> _Directions_
Would you transcribe the listing exactly as it stands, minus any images?

> _Input data_
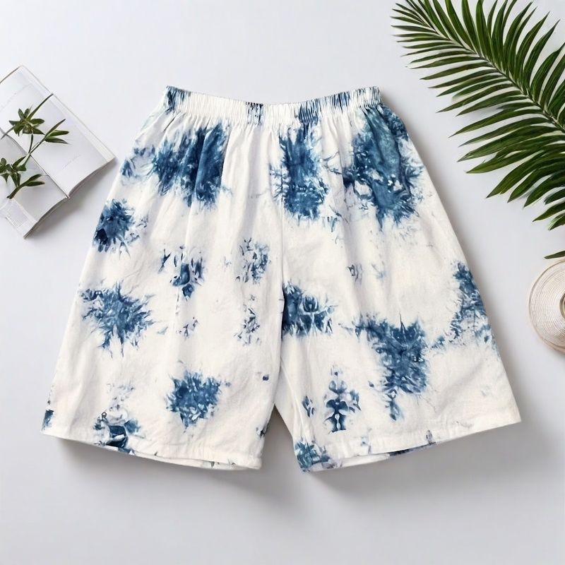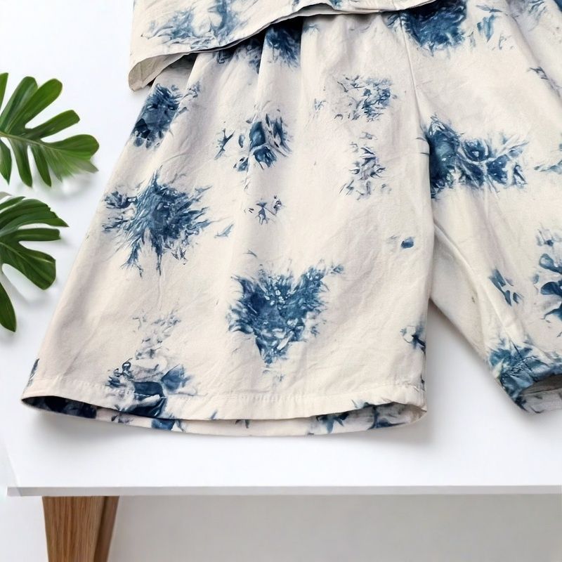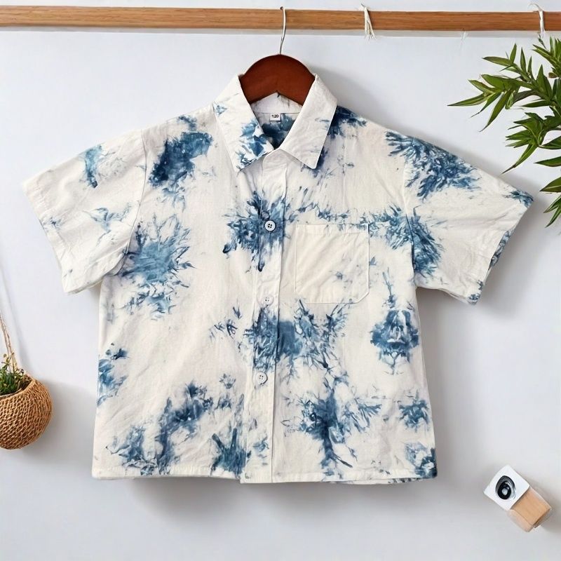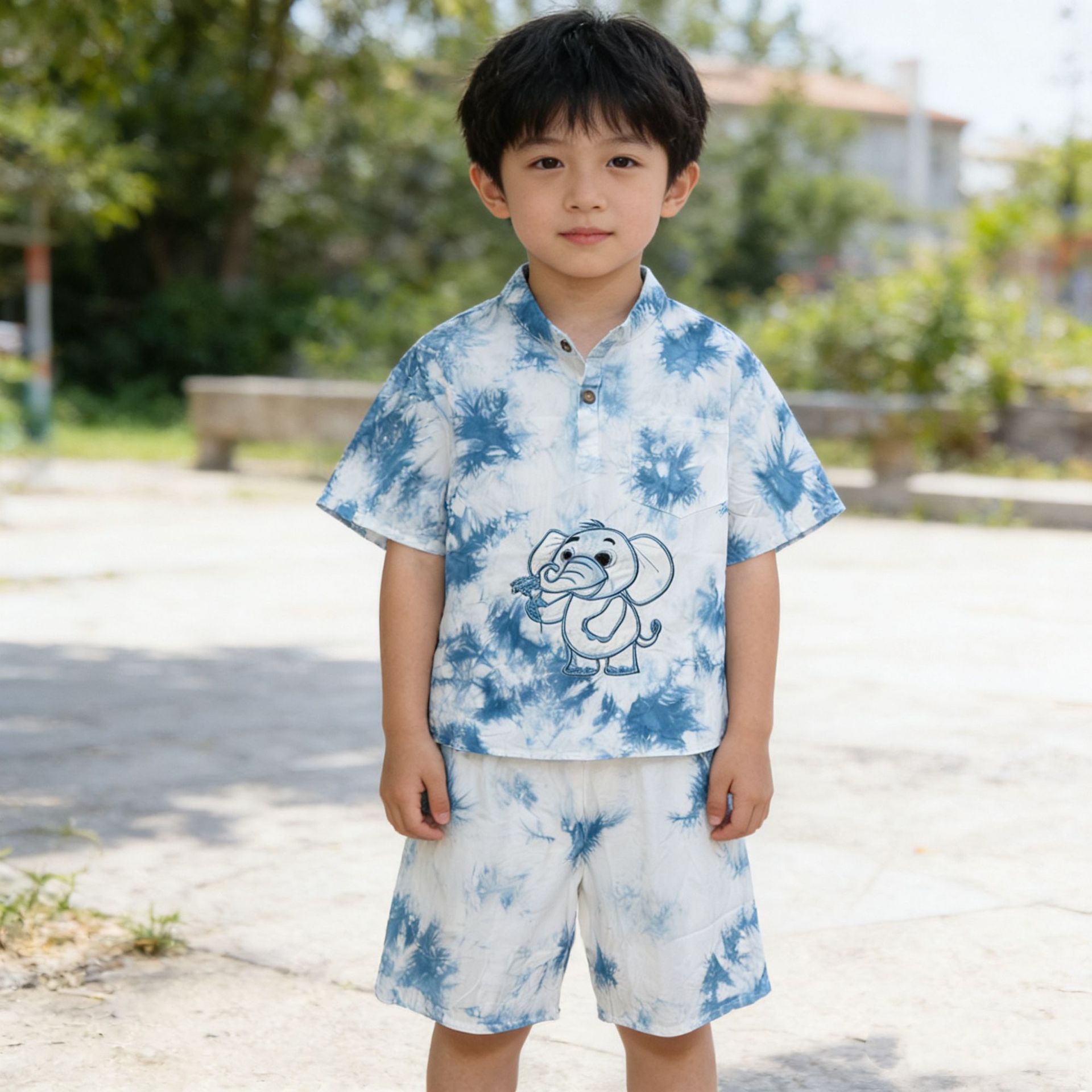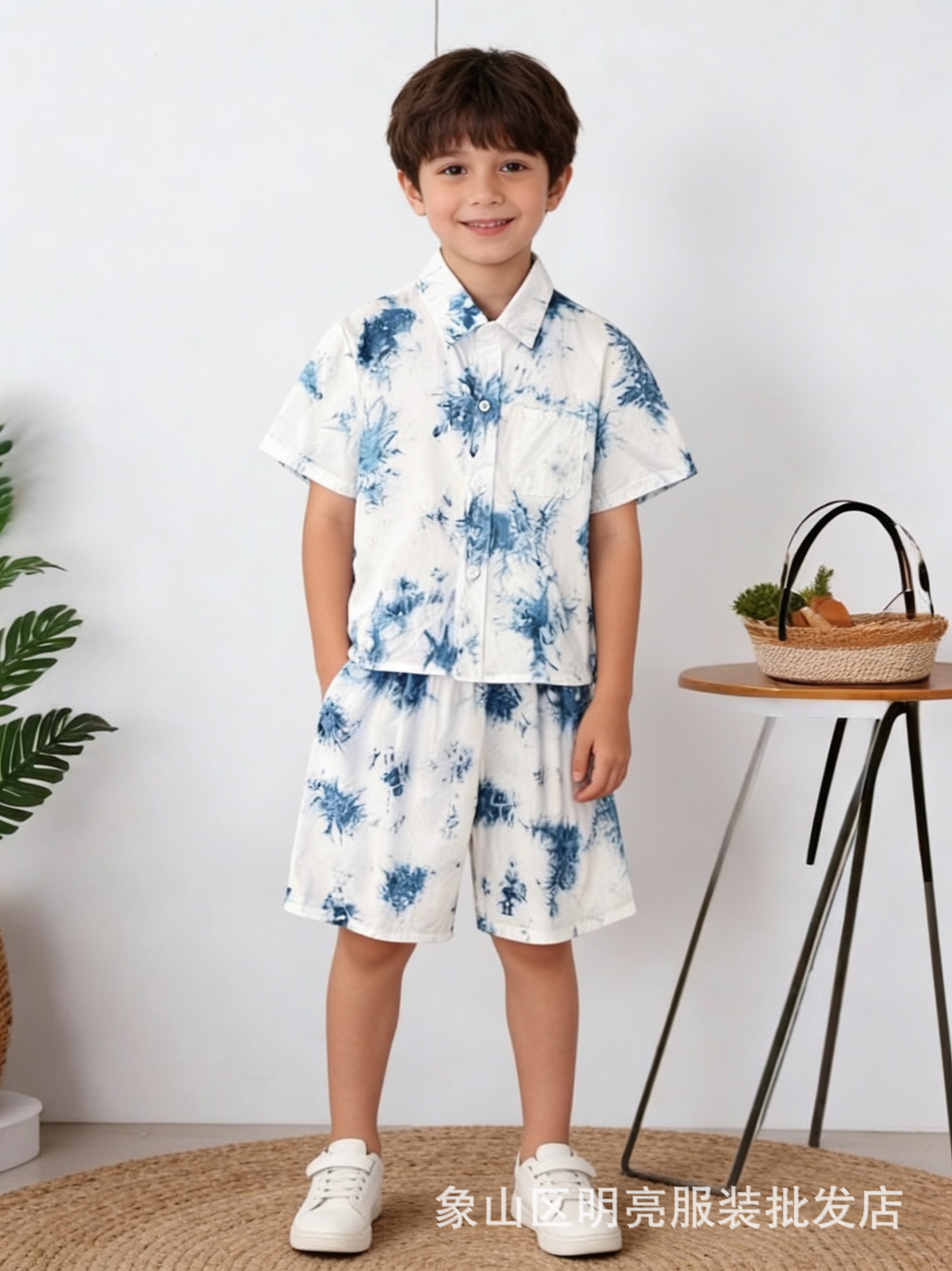 타이 염색 코튼 셔츠 여름 민족 스타일 수제 타이 염색 소년 셔츠 세트 통기성 편안한 여행 레저
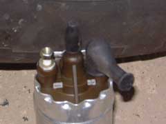 Now you can tighten the bracket onto the pump itself - Dont forget the washer that goes under the nut. Everything is now in place and all that remains is to bolt the two electrical connectors onto the pump. They are keyed by size so will only go on the right way (assuming you wired them correctly!) This is quite awkward as access is rather limited. Tidy everything away, make sure the whole area is dry and free from petrol. Move the tray containing any spillage completely away from the area. As you can see, luckily, there wasn't very much (right).
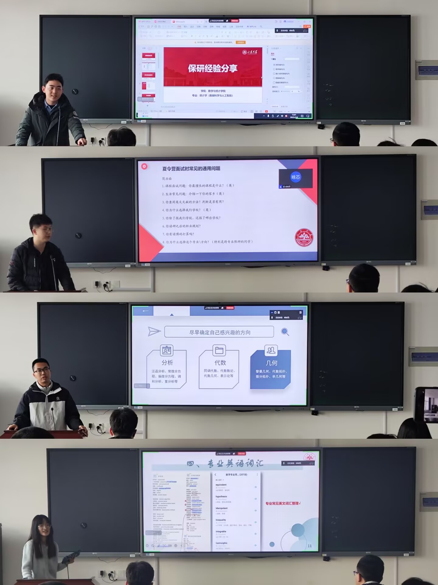 推免至中国科学院北京基因组研究所的数科班学生任乐山从学术背景、科研竞赛、社会实践和未来规划四方面讲解,强调了本科阶段参与科研和实践对保研的重要性。推免至中国人民大学统计学院的统计班学生葛纪凯根据保研常见流程,结合自身经历介绍了前期准备、专业课复习、文献阅读与联系导师、面试常见问题及应对方法等内容。推免至山东大学数学国家高层次人才培养中心的数学班学生曹昆针对基础数学方向,分享确定兴趣方向、选择导师与院校的方法,以及笔试面试注意事项。推免至西安交通大学taptap点点体育的统计班学生潘亚君介绍了保研时间规划、通知查询、文书撰写与面试应对技巧,并分享了缓解紧张心态的实用方法。分享结束后,同学们积极与四位分享嘉宾交流,围绕专业选择、面试技巧等问题展开热烈讨论,现场气氛活跃。
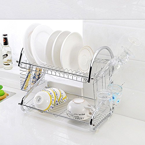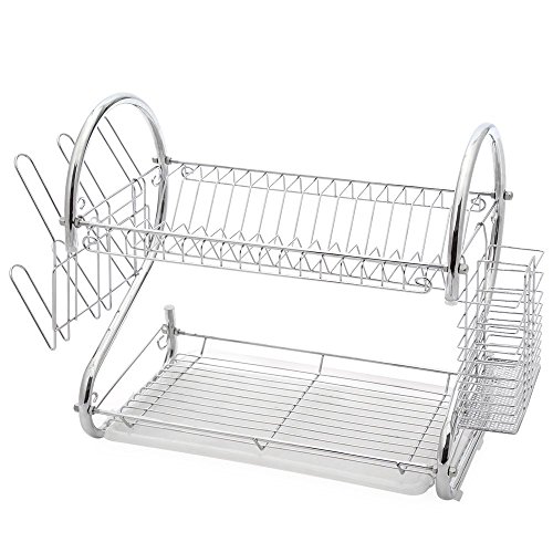 2 Layer Dish Rack Holds Up To 17 Plates Or Bowls. the water tray is easy to remove and empty, solid to hold any kitchen utensils,including a pan to catch waterdrops
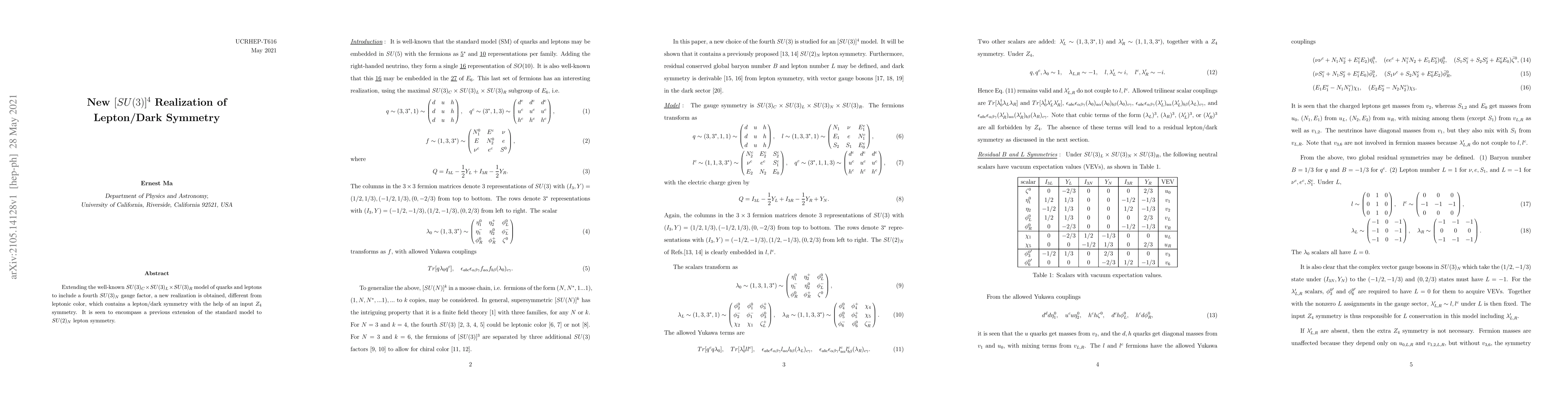 This paper proposes a new $[SU(3)]^4$ gauge symmetry model extending the standard $SU(3)_C \times SU(3)_L \times SU(3)_R$ framework, introducing a fourth $SU(3)_N$ factor and a $Z_4$ symmetry to realize a novel lepton/dark symmetry, differing from leptonic color.
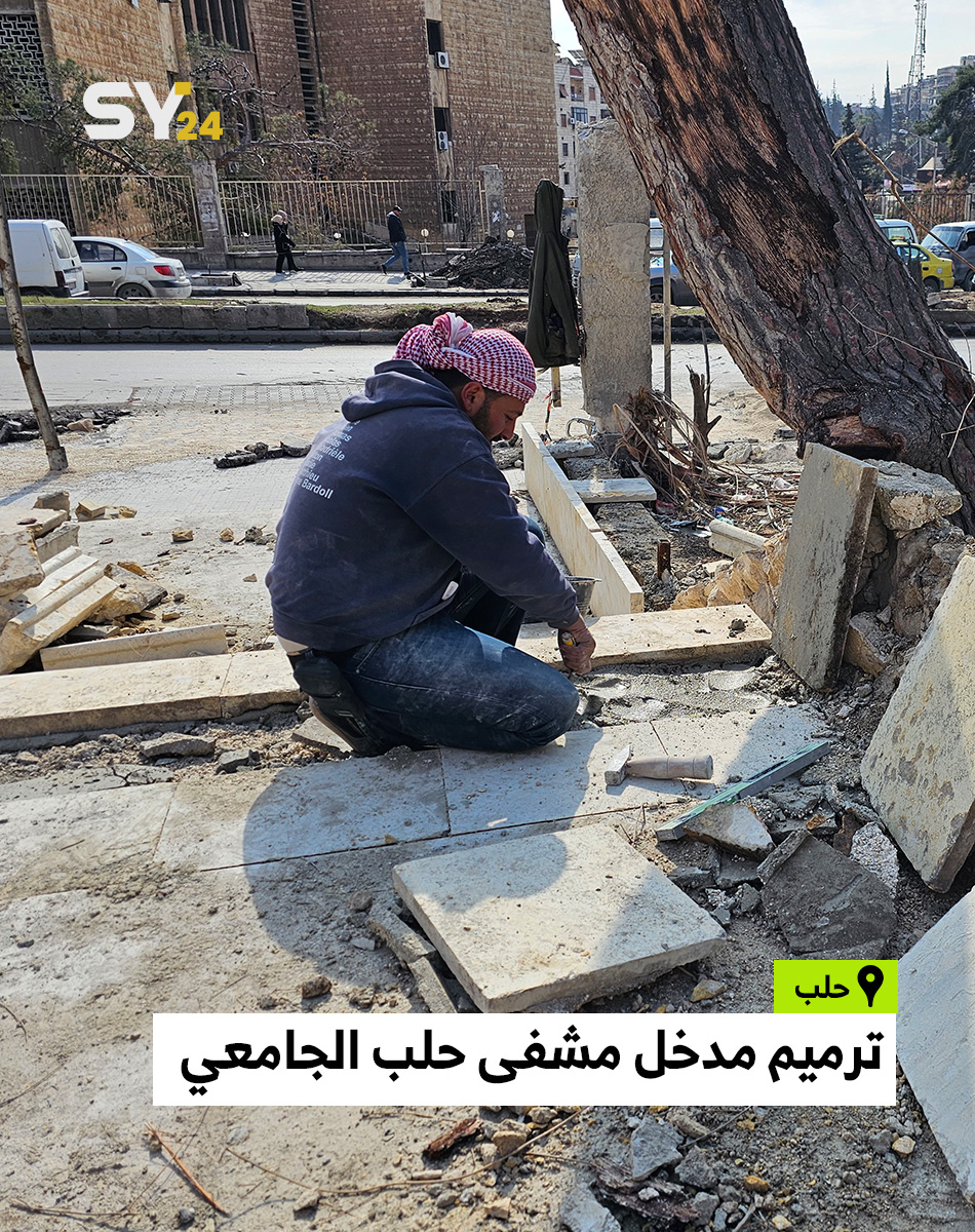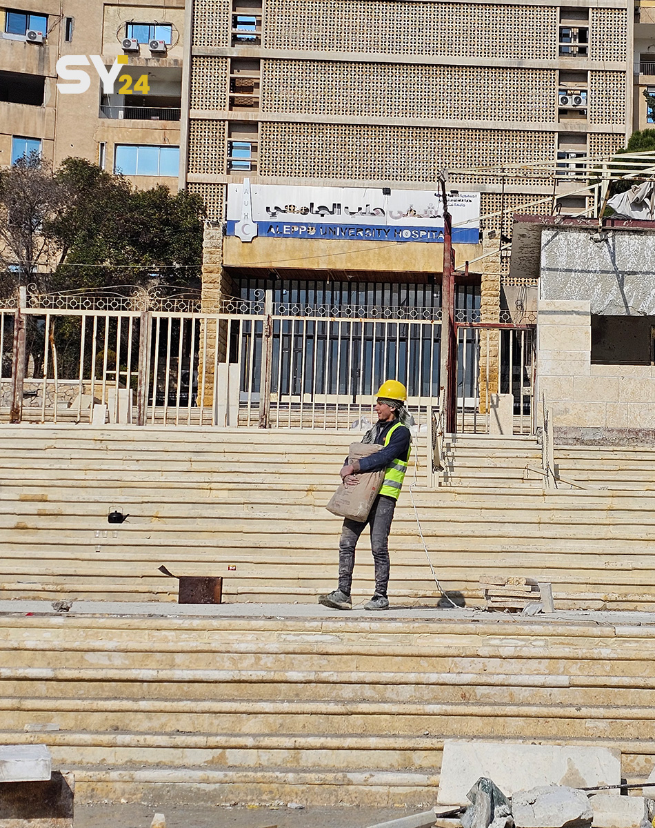 الدفاع المدني يعيد تأهيل مدخل مشفى حلب الجامعي المتضرر جراء قصف جوي سابق.
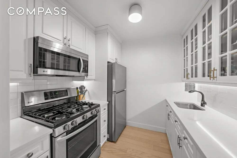 The flexible layout offers a separate sleeping alcove, easily convertible into a true one-bedroom, while the spacious living and dining area provides the perfect setting for both relaxation and entertaining. Custom shelving has been added to the walk-in closet for enhanced organization, and a recently replaced through-the-wall AC unit ensures year-round comfort. The well-appointed separate kitchen enhances both style and functionality, and with two oversized closets, storage is effortless.
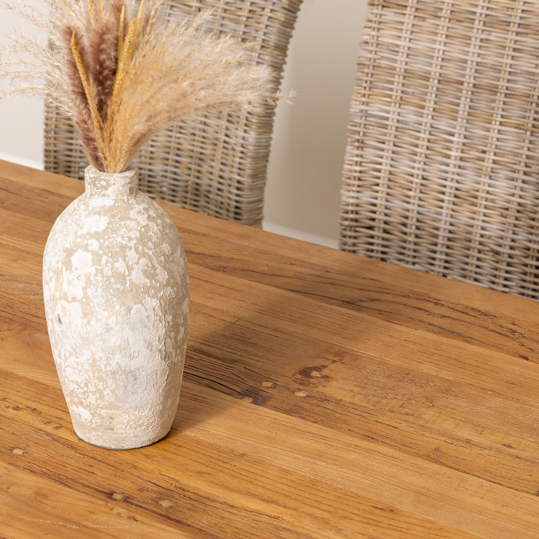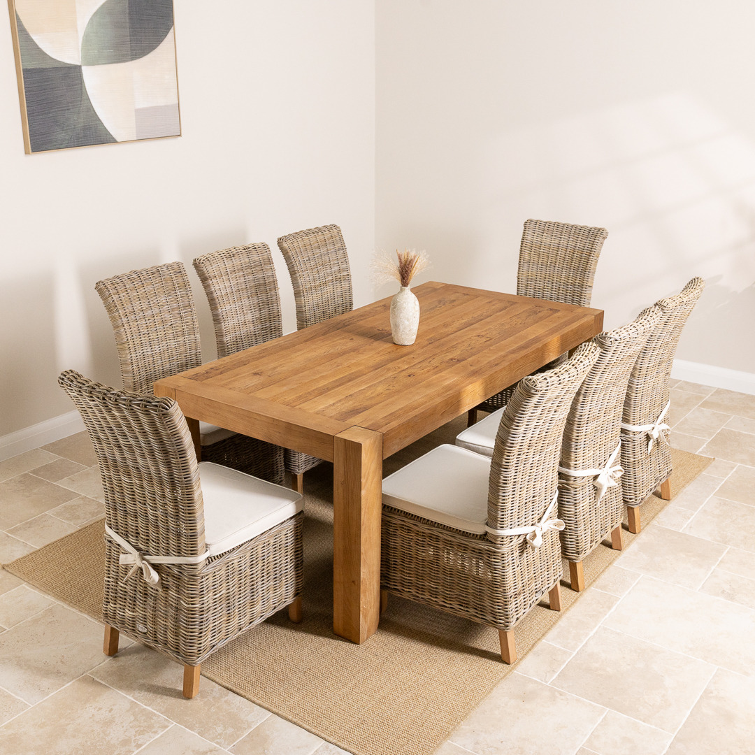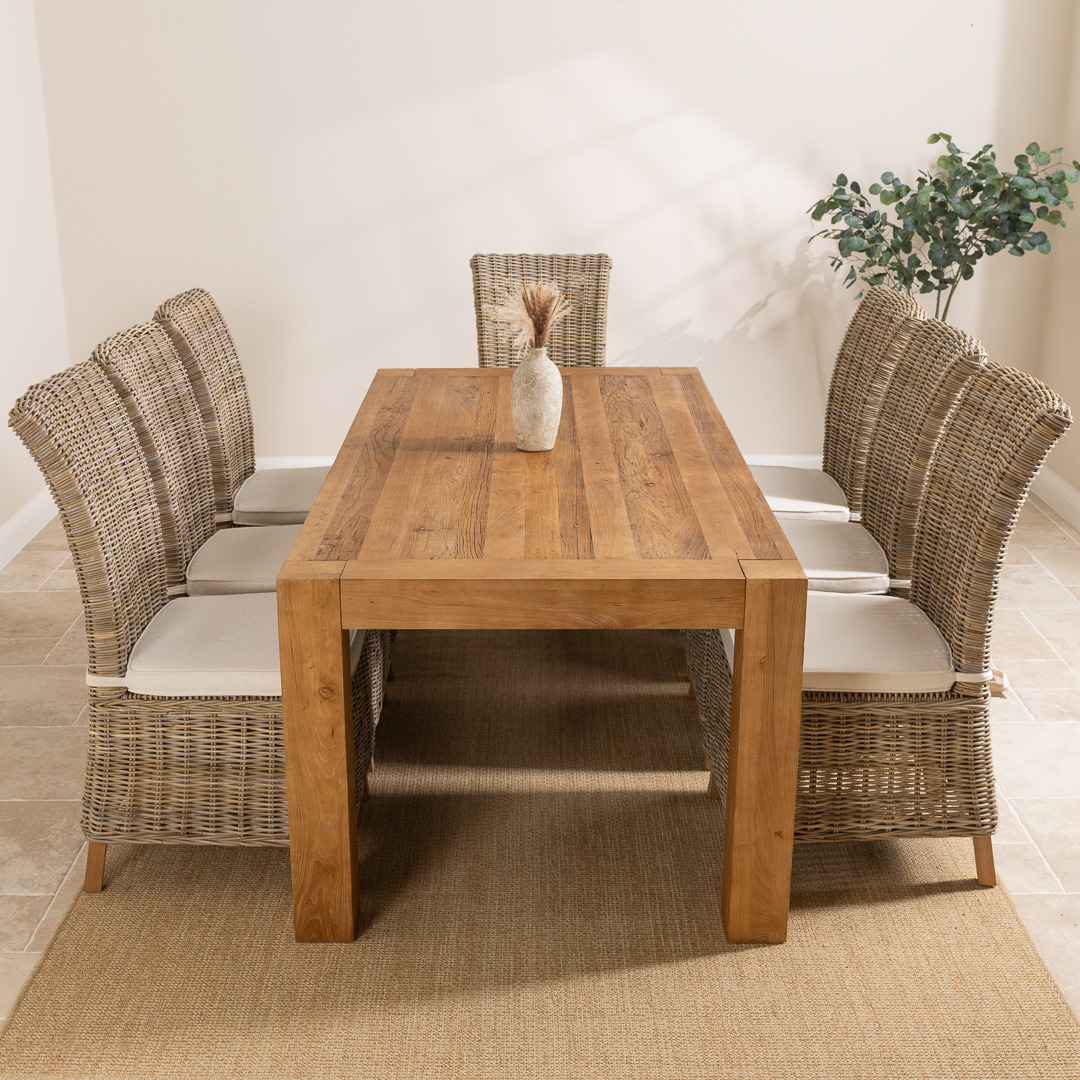 Our rustic and chunky Elm dining table is a must-have in our opinion; it’s the perfect all-rounder! The fabulous chunky reclaimed Elm dining table offers a stylish and contemporary dining experience that will last for years to come, and it's at an affordable price - what more could you want? The chunky Elm dining table would look great in a larger dining area when paired with 8 Latifa chairs, perfect for those great get-togethers with family and friends. Although a very sturdy chair, this does not detract from the elegant appearance of the Latifa, with its stylish high backs and comfortable, feather-like cushions that tie neatly around the back of the chair. Each chair comes with a cushion in natural linen, which is zip-removable. Elm has long been seen as an extremely expensive and luxurious timber; we hope to bridge that gap and make Elm the wood of choice for many of our luxurious dining sets.

> _Task answer_
 타이 염색 코튼 셔츠 여름 민족 스타일 수제 타이 염색 소년 셔츠 세트 통기성 편안한 여행 레저
 Now you can tighten the bracket onto the pump itself - Dont forget the washer that goes under the nut. Everything is now in place and all that remains is to bolt the two electrical connectors onto the pump. They are keyed by size so will only go on the right way (assuming you wired them correctly!) This is quite awkward as access is rather limited. Tidy everything away, make sure the whole area is dry and free from petrol. Move the tray containing any spillage completely away from the area. As you can see, luckily, there wasn't very much (right).
 推免至中国科学院北京基因组研究所的数科班学生任乐山从学术背景、科研竞赛、社会实践和未来规划四方面讲解,强调了本科阶段参与科研和实践对保研的重要性。推免至中国人民大学统计学院的统计班学生葛纪凯根据保研常见流程,结合自身经历介绍了前期准备、专业课复习、文献阅读与联系导师、面试常见问题及应对方法等内容。推免至山东大学数学国家高层次人才培养中心的数学班学生曹昆针对基础数学方向,分享确定兴趣方向、选择导师与院校的方法,以及笔试面试注意事项。推免至西安交通大学taptap点点体育的统计班学生潘亚君介绍了保研时间规划、通知查询、文书撰写与面试应对技巧,并分享了缓解紧张心态的实用方法。分享结束后,同学们积极与四位分享嘉宾交流,围绕专业选择、面试技巧等问题展开热烈讨论,现场气氛活跃。
 2 Layer Dish Rack Holds Up To 17 Plates Or Bowls. the water tray is easy to remove and empty, solid to hold any kitchen utensils,including a pan to catch waterdrops
 This paper proposes a new $[SU(3)]^4$ gauge symmetry model extending the standard $SU(3)_C \times SU(3)_L \times SU(3)_R$ framework, introducing a fourth $SU(3)_N$ factor and a $Z_4$ symmetry to realize a novel lepton/dark symmetry, differing from leptonic color.
 الدفاع المدني يعيد تأهيل مدخل مشفى حلب الجامعي المتضرر جراء قصف جوي سابق.
 The flexible layout offers a separate sleeping alcove, easily convertible into a true one-bedroom, while the spacious living and dining area provides the perfect setting for both relaxation and entertaining. Custom shelving has been added to the walk-in closet for enhanced organization, and a recently replaced through-the-wall AC unit ensures year-round comfort. The well-appointed separate kitchen enhances both style and functionality, and with two oversized closets, storage is effortless.
 Our rustic and chunky Elm dining table is a must-have in our opinion; it’s the perfect all-rounder! The fabulous chunky reclaimed Elm dining table offers a stylish and contemporary dining experience that will last for years to come, and it's at an affordable price - what more could you want? The chunky Elm dining table would look great in a larger dining area when paired with 8 Latifa chairs, perfect for those great get-togethers with family and friends. Although a very sturdy chair, this does not detract from the elegant appearance of the Latifa, with its stylish high backs and comfortable, feather-like cushions that tie neatly around the back of the chair. Each chair comes with a cushion in natural linen, which is zip-removable. Elm has long been seen as an extremely expensive and luxurious timber; we hope to bridge that gap and make Elm the wood of choice for many of our luxurious dining sets.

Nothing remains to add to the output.